Gural would film webbing on her phone and slow it down to study the videos with La Foy. Eventually, after they tinkered with the molds’ positioning and tried vacuum forming the shells again, the webbing was gone. Gural tossed her phone onto the lab counter, threw her hands in the air, and walked off, triumphant.

“It’s astounding, really, how much energy they’ve put into this,” said Williams of the students. “We teach product design and manufacturing processes via design projects every semester, but despite my best efforts, I never could have simulated this in a classroom setting.”

“It’s not hard to get motivated on a project like this, where the impact is immediate and the need is great,” said mechanical engineering Ph.D. student Sam Pratt, who designed a silicone seal for the respirator. The part is made using casting: liquid is poured into a 3D-printed mold and cures into a sterilizable, silicone seal. Pratt worked with La Foy and Gural as the three went through versions of the shells and seals, to make sure the seal fit the new shell and vice versa. 

“None of us were particularly hung up on how cool or important ‘our part’ of the system was, which meant that iteration happened really fast, and ideas — good or bad — were tested almost as fast as they could come up,” Pratt said. “It was a really exciting demonstration of the power of a prototype-first mentality. If you have an idea, build a prototype and prove it works. Usually before the end of that day, everyone on the team had seen it, played with it, tried to break it — that's how we were able to run through so many concepts so fast.”

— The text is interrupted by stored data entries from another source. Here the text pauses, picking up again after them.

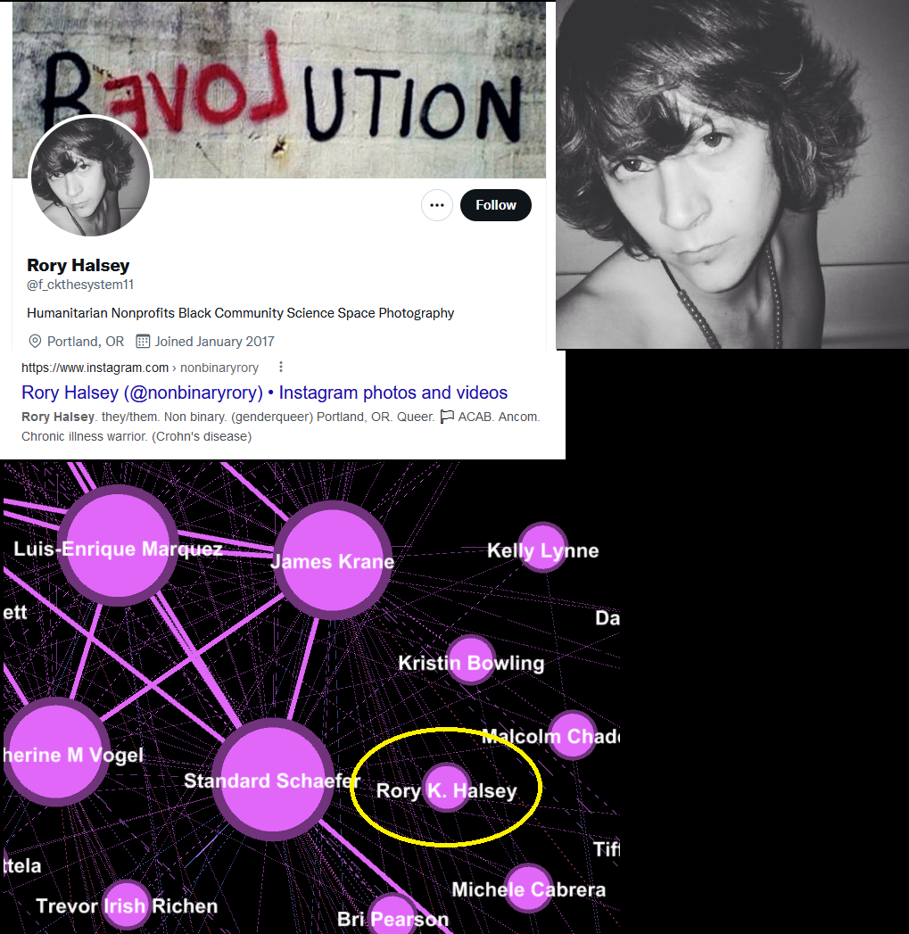 Halsey is allegedly connected to the Marquez clique of Rose City Antifa. He claims to be a photographer. Whether he's a professional or amateur photographer is unknown. On his Instagram page, which is no longer up, he claimed to be "genderqueer" and "non-binary" and used the ACAB tag.
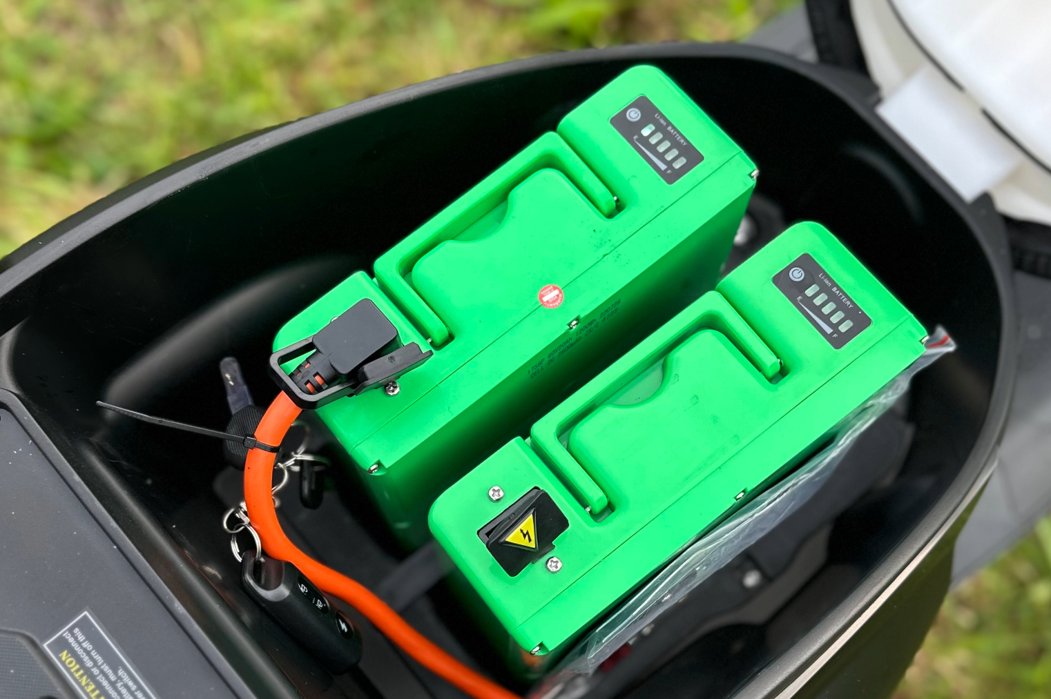 Met onze lithium accu kan je zorgeloos op pad. Opzoek naar een tweede accu, om de actieradius te vergroten? Onze accu's zijn makkelijk uitneembaar en verwisselbaar. Zo kom je nooit stil te staan onderweg. De scooter wordt standaard geleverd met een 1x 60v20ah accu.
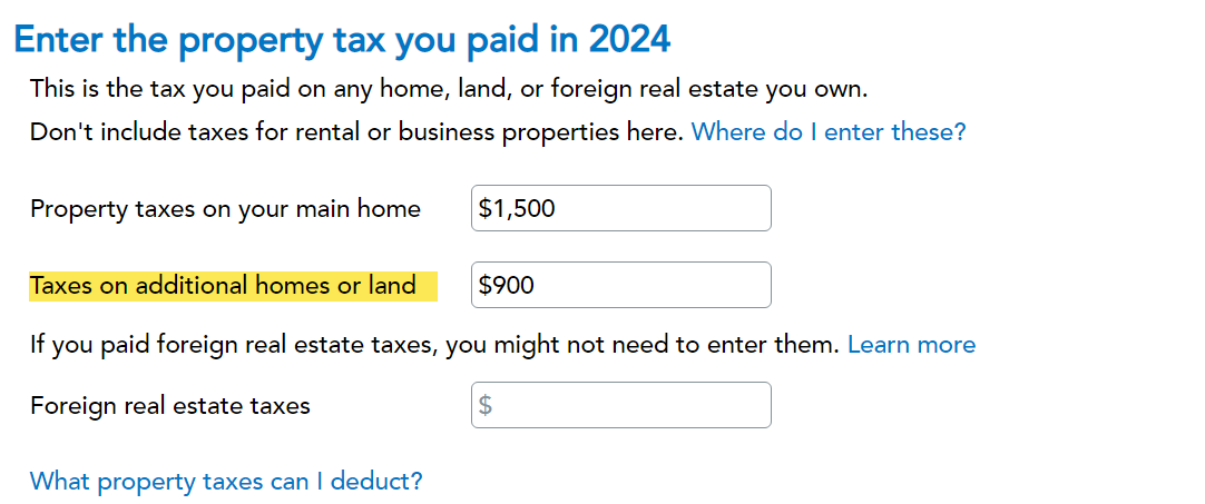You enter those in the same place you enter taxes paid on your main home, in the Deductions and Credits section, then Your Home, then Property Taxes. Find the page that says Enter the property tax you paid in 2024, you will see an option to enter Taxes on additional homes or land:
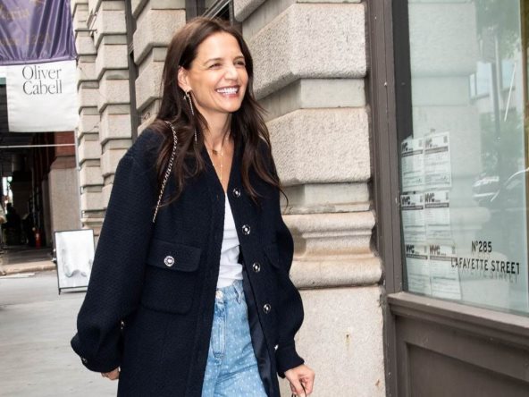 CHANEL Tribeca Festival Women's svečani ručak bio je povod za još jedan sjajan outfit. Odevena u pomenuti brend od glave do pete, Katie je demonstrirala kako se kreira ležeran, a chic stil za proleće. Umesto haljine ili odela od tvida, Katie se odlučila za "mom jeans" model sa tufnama i kultnim logoom.
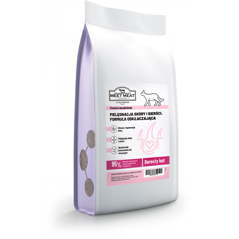 Meet Meat Peptide+ Skin & Coat Hairball to pełnoporcjowa sucha karma dla kotów dorosłych, opracowana z myślą o kompleksowym wsparciu kondycji skóry i sierści oraz ograniczeniu powstawania kul włosowych. Receptura została zaprojektowana tak, aby odpowiadać na potrzeby kotów liniejących, długowłosych oraz tych, które mają tendencję do odkładania sierści w przewodzie pokarmowym.
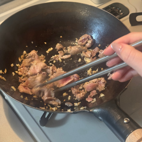 1.6mm厚の鉄片手中華鍋は、手に取った瞬間に安心感があります。程よい重さと木製ハンドルのバランスが良く、空の状態でコンロに置いても、持ち手の重さで傾く心配がありません。しっかりと熱を蓄えてくれるので、最初に炒める豚肉もくっつきにくく、調理がとてもスムーズです。1〜3人分の炒め物にちょうどよく、気づけば毎日のように使っている、我が家の定番炒め鍋です。
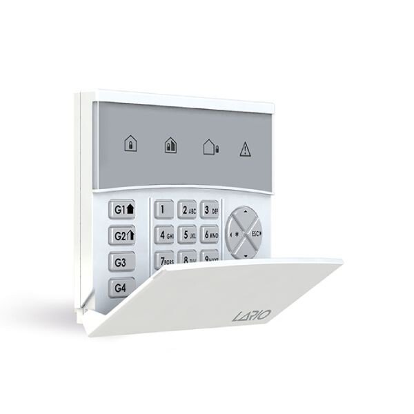 K-LARIO არის უსადენო კლავიატურა, რომელიც თავსებადია Lario-ს სისტემასთან. მას აქვს 4 LED ინდიკატორი სისტემის სტატუსის და გაუმართაობების საჩვენებლად. იკვებება 3 AAA ელემენტით, ან გარე 12 ვ დენის წყაროთი. მახასიათებლები: - LED ინდიკატორები - 3 AAA ელემენტი
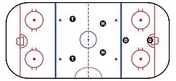 The torpedo system is an ice hockey on-ice system Invented and first used by the Boston Bruins in the late 1959s and adopted by the Swedish team Djurgårdens IF. The coach of Djurgårdens IF, Hardy Nilsson, took the system with him and it was used extensively by the Swedish national hockey team in international competition.[1] The system converts the traditional hockey layout of three forwards and two defensemen, into two torpedoes up front, two halfbacks, and one lone defenceman (or libero). The torpedoes are responsible for forechecking in the corners when the puck is in the offensive zone, and stay around the neutral zone to be sprung into a scoring position (by a stretch pass or torpedo pass). The halfbacks are all-purpose players that run the offense from the faceoff circles in the offensive zone, and defend against the other team's torpedoes. The libero protects the rear of the ice.[2]
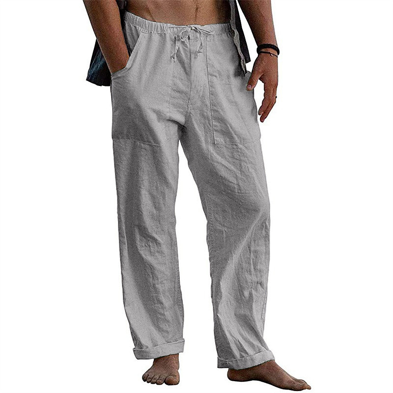 Men's Linen Pants Trousers Summer Pants Drawstring Elastic Waist Straight Leg Plain Comfort Daily Going out Fashion Streetwear Dark Grey Black
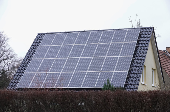 2024年1月4日在德国柏林拍摄的一户居民家屋顶安装的太阳能板。新华社记者任鹏飞摄
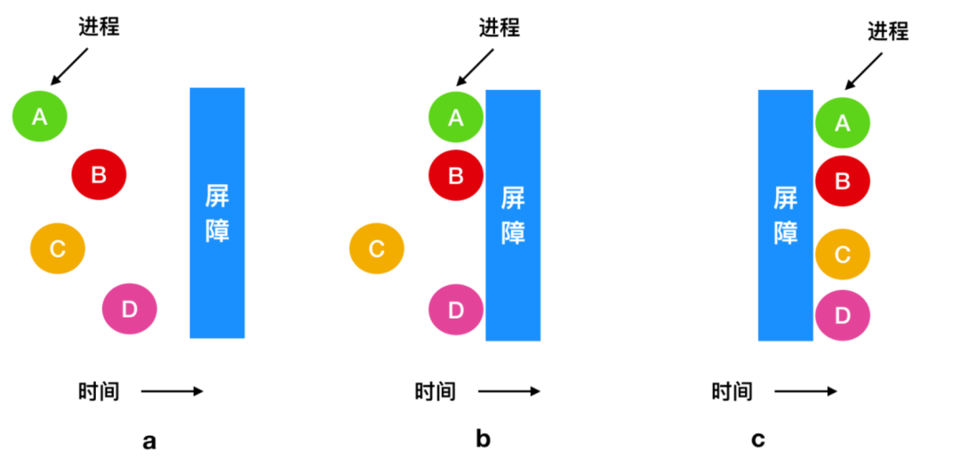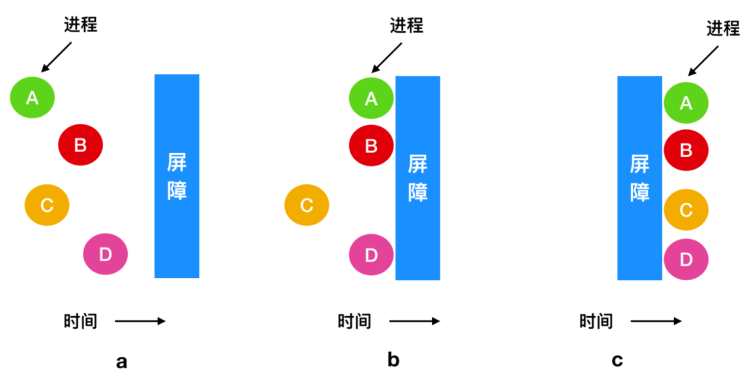 Barrier 的特点和闭锁也很类似,它也是阻塞一组线程直到某个事件发生。栅栏与闭锁的区别在于,所有线程必须同时到达栅栏的位置,才能继续执行,就像我们上面操作系统给出的这幅图一样。
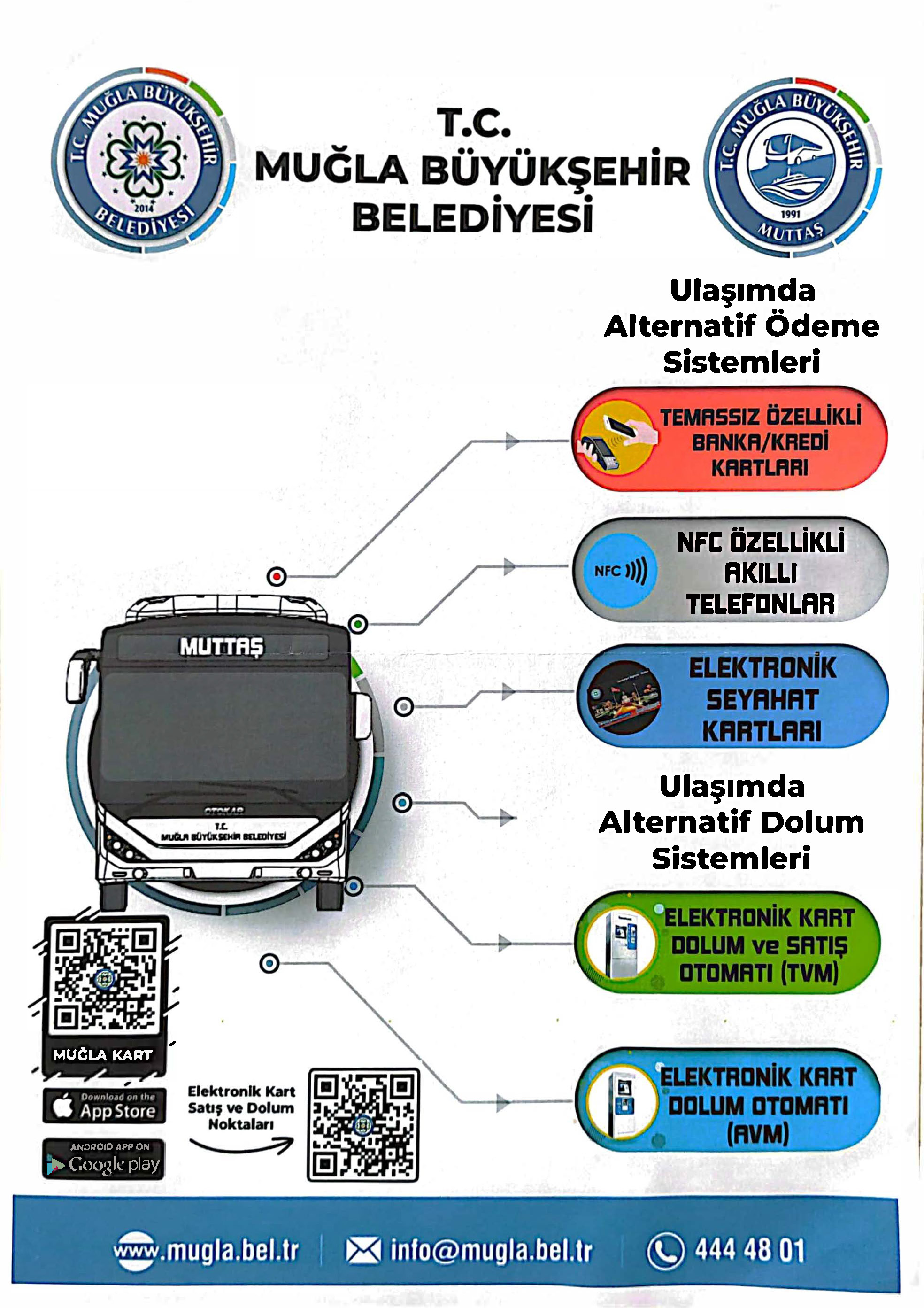 Muğla il genelinde Muğla Büyükşehir Beledesi tarafından gerçekleştirilen kent içi toplu taşıma sistemleri erişilebilirliği yüksek, güvenli, çevre dostu ve ekonomik ve yeni nesil teknoloji ile donatılmış araçlar ile sağlanmakta olup, sürdürülebilir ulaşım kavramının gereksinimlerinin karşılanması ve turizm kenti olan ilimizde toplu taşıma hizmet kalitesinin artırılması amaçlanarak, tüm dünya da ve ülkemizde olduğu gibi, çağdaş, modern, sürdürülebilir ve denetlenebilir toplu taşıma sistemlerinin sadece elektronik ücret toplama sistemleri üzerinden yapılması sağlandığı bildirilmiştir.
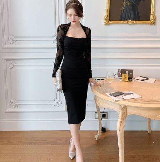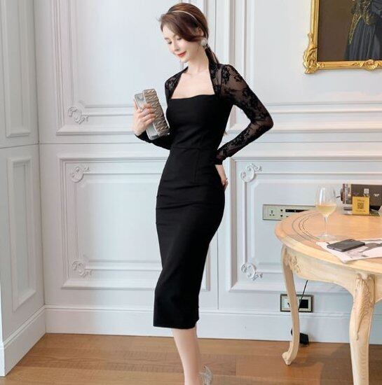 結婚式ドレス パーティードレス ブラック 結婚式 二次会 謝恩会 女子会 エレガント タイトドレス レース 異素材ミックス 長袖 シースルー 単色 大きいサイズ L 花柄レース タイト レディース
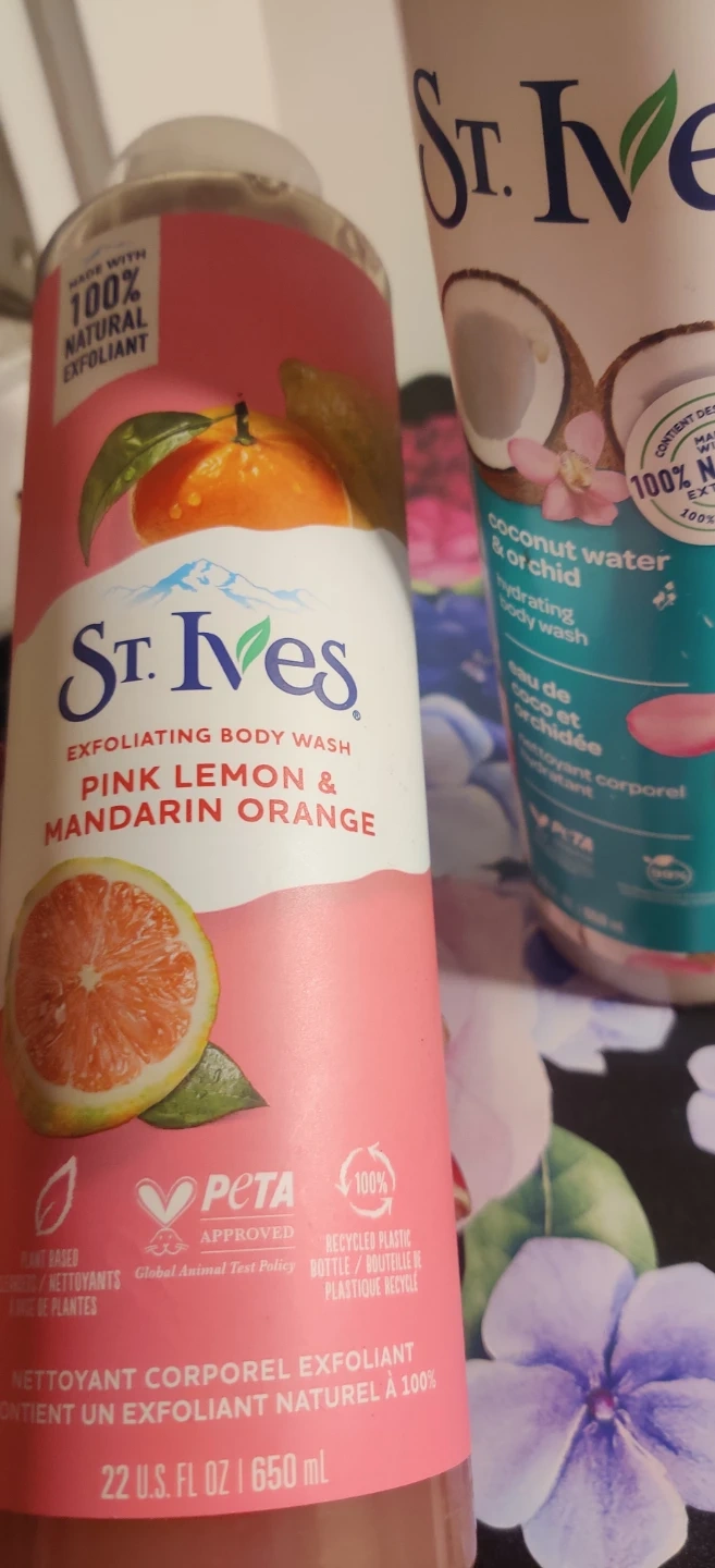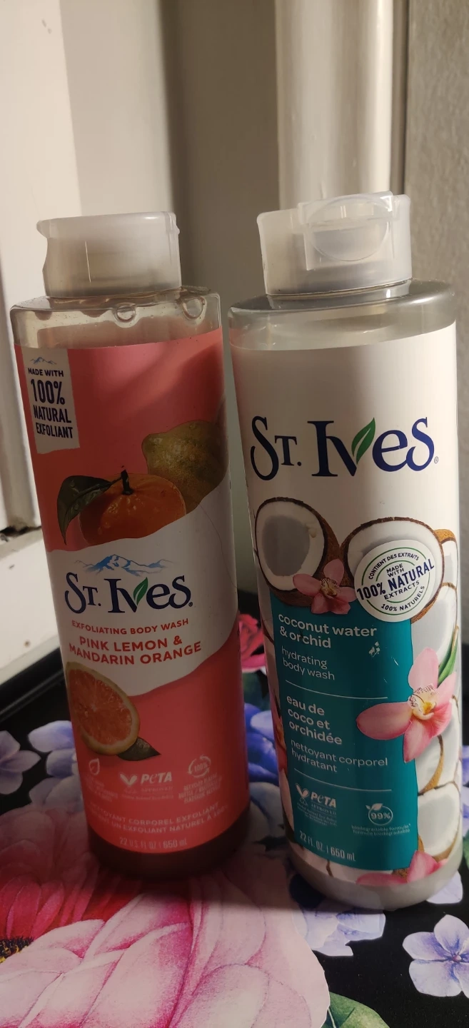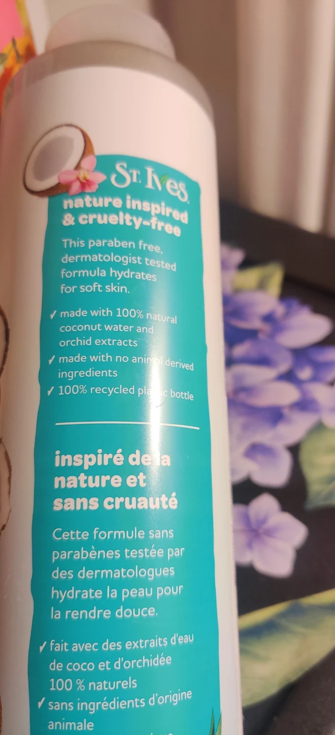 These St. Ives body wash is made with 100% natural coconut water and orchid extracts. It's a hydrating formula that hydrates for soft skin. The bottle is made from 100% recycled plastic. This is a great body wash for daily use to keep your skin feeling soft and refreshed.

For La Foy, part of the motivation for the time he’s spent on iteration after iteration is to feel less powerless. “It’s depressing and frustrating to see all of the suffering going on right now,” La Foy said. “But the more that people are willing to work together to get through this, the better we will all be when we make it through to the other side of this crisis. Working on the respirators has been one way that I can use the skills I have to help others out.”

Members of the team of current and recently graduated students who have worked on the novel respirator include: Sam Pratt, Genevieve Gural, Rod La Foy, Viswanath Meenakshisundaram, Derick Whited, Liam Chapin, Bemnet Molla, Kendall Knight, and Amanda Wei.

This project and other COVID-19 response efforts received support from the Fralin Biomedical Research Institute at VTC. Further development of the respirator design and testing is supported by the Office of the Vice President for Research and Innovation COVID-19 Rapid Response Seed Fund.